From: vance@alumni.caltech.edu
Sent: Wednesday, January 05, 2000 1:51 AM
To: Info-VAX@Mvb.Saic.Com
Subject: Re: verisign root certificate expiration, older browsers, VMS

In article <84mnue$caq@gap.cco.caltech.edu>,
 <mathog@seqaxp.bio.caltech.edu> wrote:
>I saw a note the other day stating that the verisign certificate in older
>versions of Navigator has a Y2K problem - it expires then.  For other 
>platforms the fix is to download a newer version of the browser.  I'm at 
>home now - can anyone test that the VMS 3.03 browser still works with 
>verisign certified SSL pages?  If it doesn't (which is what I expect given
>the general nature of the Verisign problem), does anybody have a workaround?
>Sadly, downloading a newer version of the browser is not an option.  When
>this happened with the Thawte cert. it was possible to install a new one, 
>but Verisign's may be engineered into the program differently.

A few months ago Schwab.com allowed me to update the Verisign root certificate.
Now however it and all the links from Netscape and Verisign about this suggest
upgrading the browser which isn't an option for VMS yet.  I searched around 
and found the Verisign page which allows one to update the root certificate.

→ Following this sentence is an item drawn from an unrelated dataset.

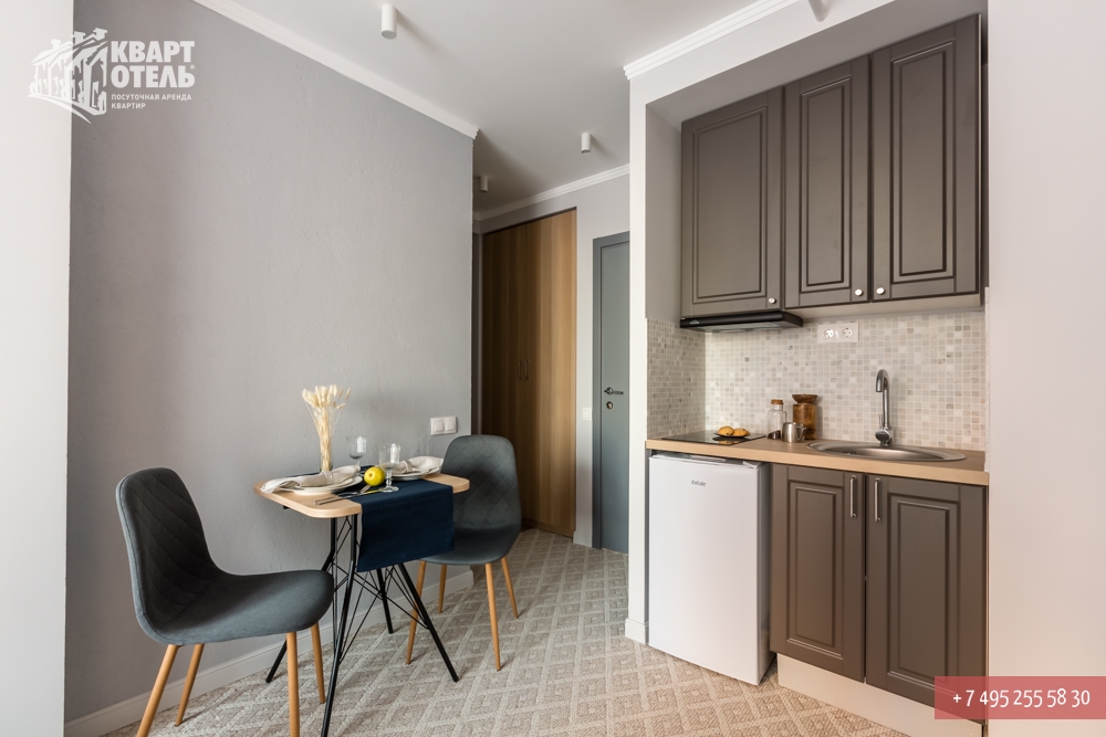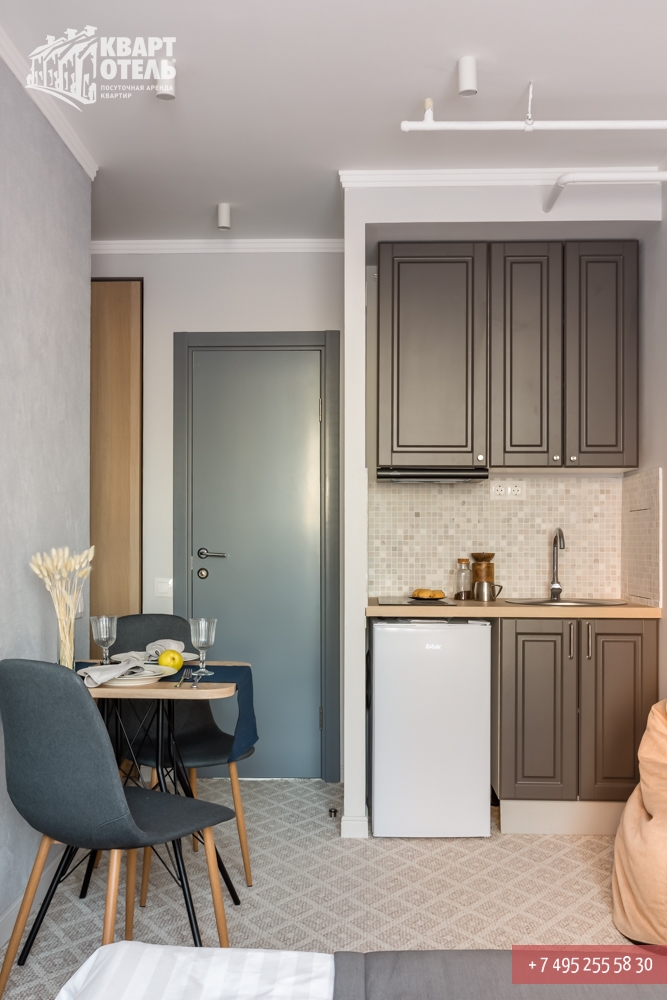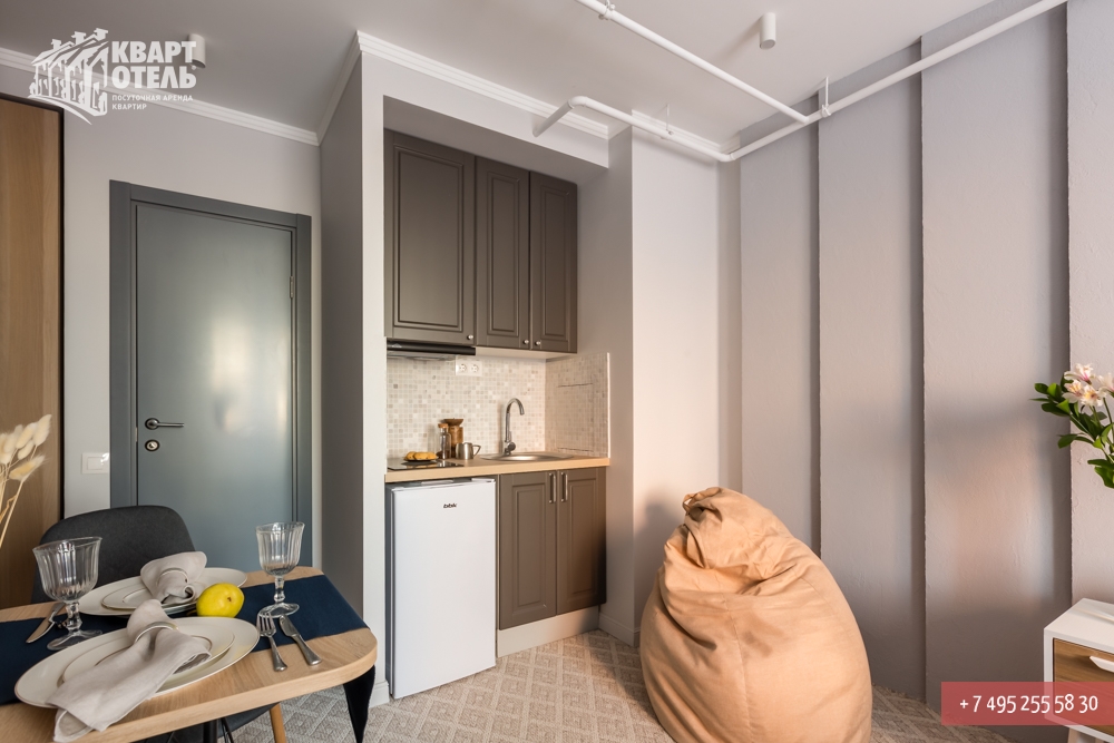 The apartment is equipped with everything you might need for a comfortable stay, including tea, sugar, umbrella, city directory, shampoo, soap and other consumables. A full set of bed linen of high-quality white sateen and white terry towels are also provided

According to Verisign's and Netscape's web pages, if you don't update the
root certificate, when you connect to a secure site you will get a dialog box 
telling you of this fact and allowing you to "Cancel" or "Continue".  Hitting 
"Continue" does in fact get you a secure connection.  However, going to a site 
can cause many dialog boxes to popup, one after the other and it can get quite 
annoying.

Here's how to update your Root certificates in Netscape:

Thawte Server certificate which expired in 1998:

1) Under the Options Menu choose "Security Preferences..."
2) Select the "Site Certificates" tab
3) Select "Thawte Server CA" in the list of certificates
4) Select "Delete Certificate" and then "OK"
5) Go to http://www.thawte.com/serverbasic.crt
6) Follow the instructions on the popup dialog box to accept the certificate
   This mostly involves hitting the "Next" button and clicking an accept
   button and then naming the resulting certificate.  I named it the same
   name as the original.

VeriSign/RSA Server certificate which expired Dec 31, 1999:

1) Under the Options Menu choose "Security Preferences..."
2) Select the "Site Certificates" tab
3) Select "Verisign/RSA Secure Server CA" in the list of certificates
4) Select "Delete Certificate" and then "OK"
5) Go to https://www.verisign.com/server/prg/browser/root.html
6) Follow the instructions on the popup dialog box to accept the certificate
   This mostly involves hitting the "Next" button and clicking an accept
   button and then naming the resulting certificate.  Verisign suggests
   using the name "VeriSign CA".

I hope this helps.  It would be nice if Compaq reissued Netscape 3.03 with
the updated certificates available with more recent versions of Netscape.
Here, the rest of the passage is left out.